RECORDS SHOWN section start

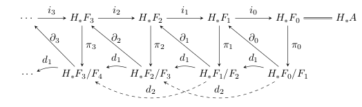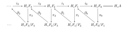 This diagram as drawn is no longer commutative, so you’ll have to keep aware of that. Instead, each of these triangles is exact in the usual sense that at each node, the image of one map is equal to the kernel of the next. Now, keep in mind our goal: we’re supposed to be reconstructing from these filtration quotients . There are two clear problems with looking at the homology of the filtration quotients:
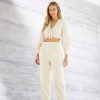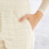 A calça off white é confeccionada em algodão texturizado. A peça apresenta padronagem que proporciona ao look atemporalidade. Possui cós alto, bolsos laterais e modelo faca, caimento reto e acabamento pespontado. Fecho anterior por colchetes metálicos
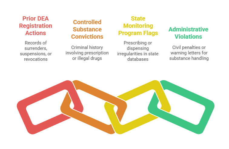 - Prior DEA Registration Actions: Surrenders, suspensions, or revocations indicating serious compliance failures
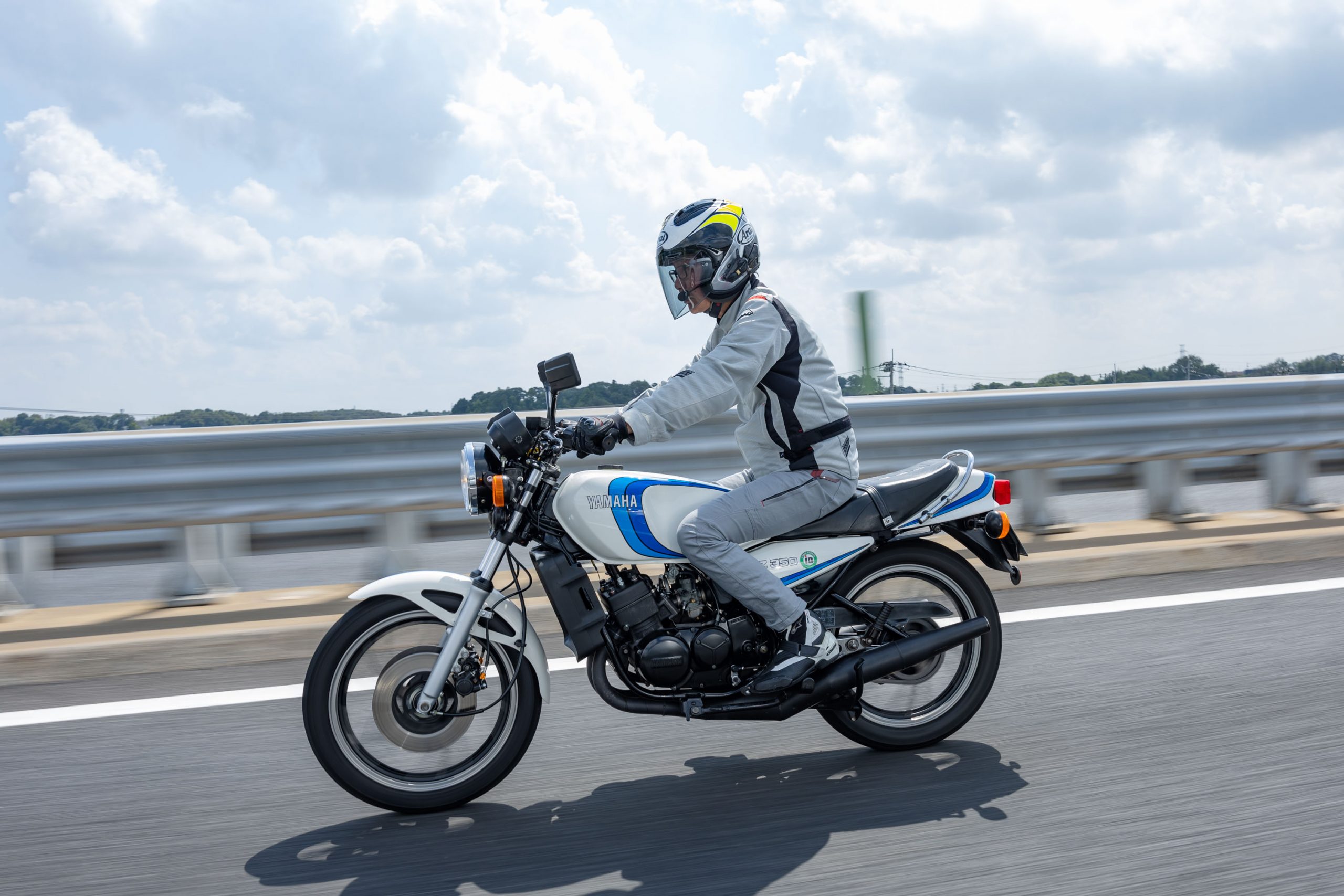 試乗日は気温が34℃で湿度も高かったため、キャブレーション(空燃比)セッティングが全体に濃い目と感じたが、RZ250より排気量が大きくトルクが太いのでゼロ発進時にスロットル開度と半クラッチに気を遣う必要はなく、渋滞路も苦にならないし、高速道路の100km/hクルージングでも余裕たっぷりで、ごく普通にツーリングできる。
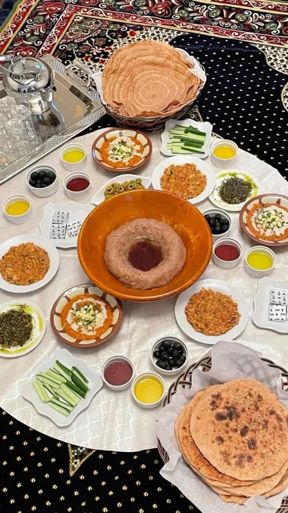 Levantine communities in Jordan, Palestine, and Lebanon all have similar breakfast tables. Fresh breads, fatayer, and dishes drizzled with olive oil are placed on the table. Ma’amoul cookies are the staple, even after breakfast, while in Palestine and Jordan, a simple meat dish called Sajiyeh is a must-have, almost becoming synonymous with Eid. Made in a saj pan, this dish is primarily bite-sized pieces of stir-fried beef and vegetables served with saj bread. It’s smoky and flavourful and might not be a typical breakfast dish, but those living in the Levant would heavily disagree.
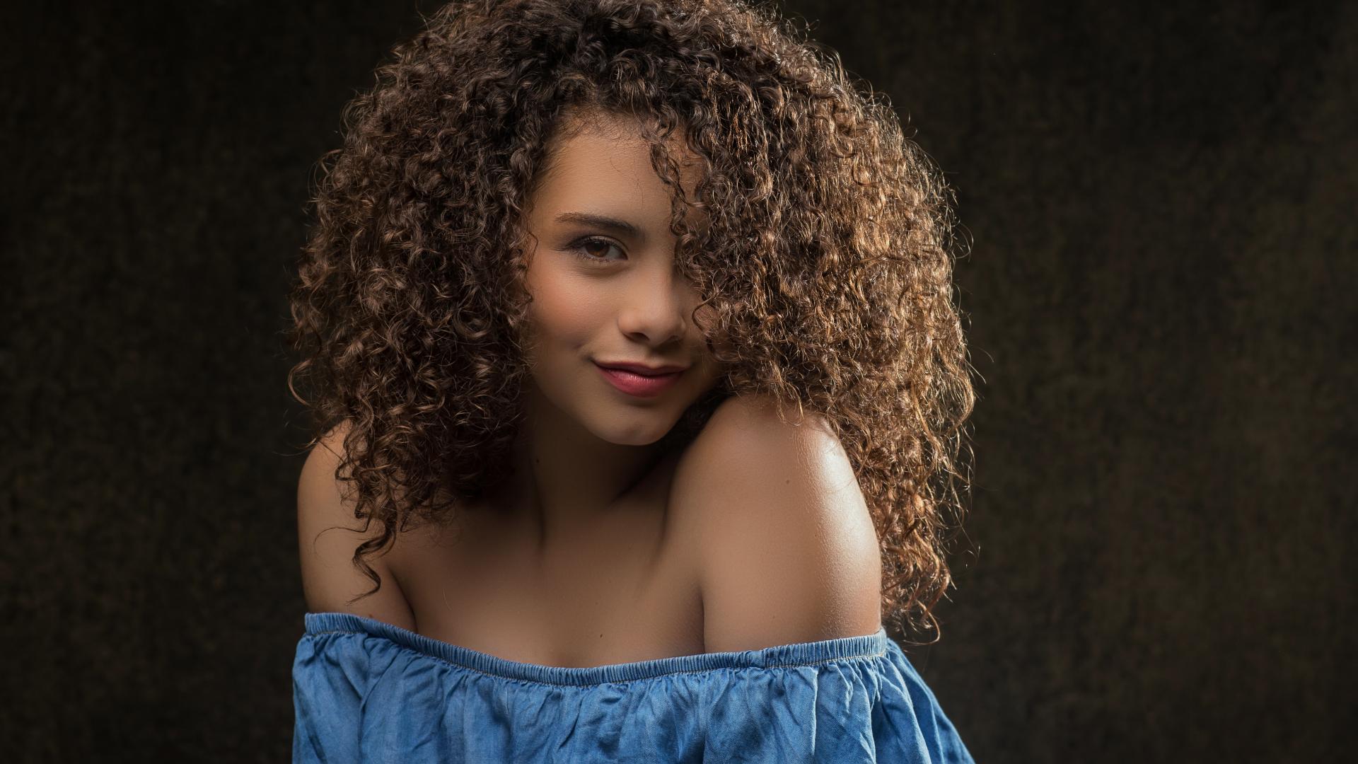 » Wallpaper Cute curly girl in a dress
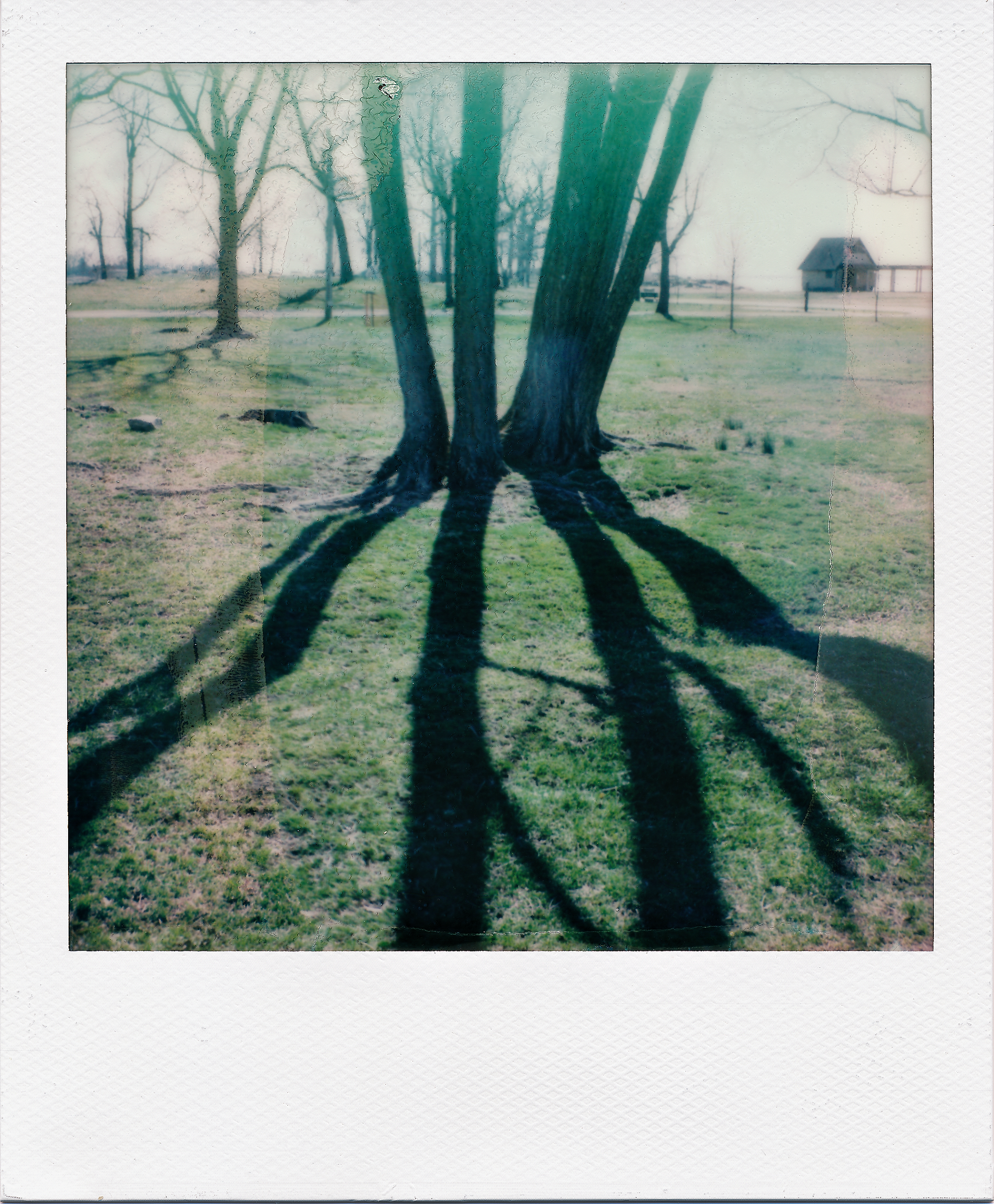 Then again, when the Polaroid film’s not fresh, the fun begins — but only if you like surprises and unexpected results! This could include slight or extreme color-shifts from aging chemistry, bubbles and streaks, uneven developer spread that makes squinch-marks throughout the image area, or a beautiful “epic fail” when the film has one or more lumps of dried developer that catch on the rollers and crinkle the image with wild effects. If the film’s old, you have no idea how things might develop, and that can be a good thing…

RECORDS SHOWN section end

▸ **ACTION ITEM**: Each entry above must be printed exactly, apart from its pictures.

▸ **OUTPUT FOR THIS EXERCISE**:
 This diagram as drawn is no longer commutative, so you’ll have to keep aware of that. Instead, each of these triangles is exact in the usual sense that at each node, the image of one map is equal to the kernel of the next. Now, keep in mind our goal: we’re supposed to be reconstructing from these filtration quotients . There are two clear problems with looking at the homology of the filtration quotients:
 A calça off white é confeccionada em algodão texturizado. A peça apresenta padronagem que proporciona ao look atemporalidade. Possui cós alto, bolsos laterais e modelo faca, caimento reto e acabamento pespontado. Fecho anterior por colchetes metálicos
 - Prior DEA Registration Actions: Surrenders, suspensions, or revocations indicating serious compliance failures
 試乗日は気温が34℃で湿度も高かったため、キャブレーション(空燃比)セッティングが全体に濃い目と感じたが、RZ250より排気量が大きくトルクが太いのでゼロ発進時にスロットル開度と半クラッチに気を遣う必要はなく、渋滞路も苦にならないし、高速道路の100km/hクルージングでも余裕たっぷりで、ごく普通にツーリングできる。
 Levantine communities in Jordan, Palestine, and Lebanon all have similar breakfast tables. Fresh breads, fatayer, and dishes drizzled with olive oil are placed on the table. Ma’amoul cookies are the staple, even after breakfast, while in Palestine and Jordan, a simple meat dish called Sajiyeh is a must-have, almost becoming synonymous with Eid. Made in a saj pan, this dish is primarily bite-sized pieces of stir-fried beef and vegetables served with saj bread. It’s smoky and flavourful and might not be a typical breakfast dish, but those living in the Levant would heavily disagree.
 » Wallpaper Cute curly girl in a dress
 Then again, when the Polaroid film’s not fresh, the fun begins — but only if you like surprises and unexpected results! This could include slight or extreme color-shifts from aging chemistry, bubbles and streaks, uneven developer spread that makes squinch-marks throughout the image area, or a beautiful “epic fail” when the film has one or more lumps of dried developer that catch on the rollers and crinkle the image with wild effects. If the film’s old, you have no idea how things might develop, and that can be a good thing…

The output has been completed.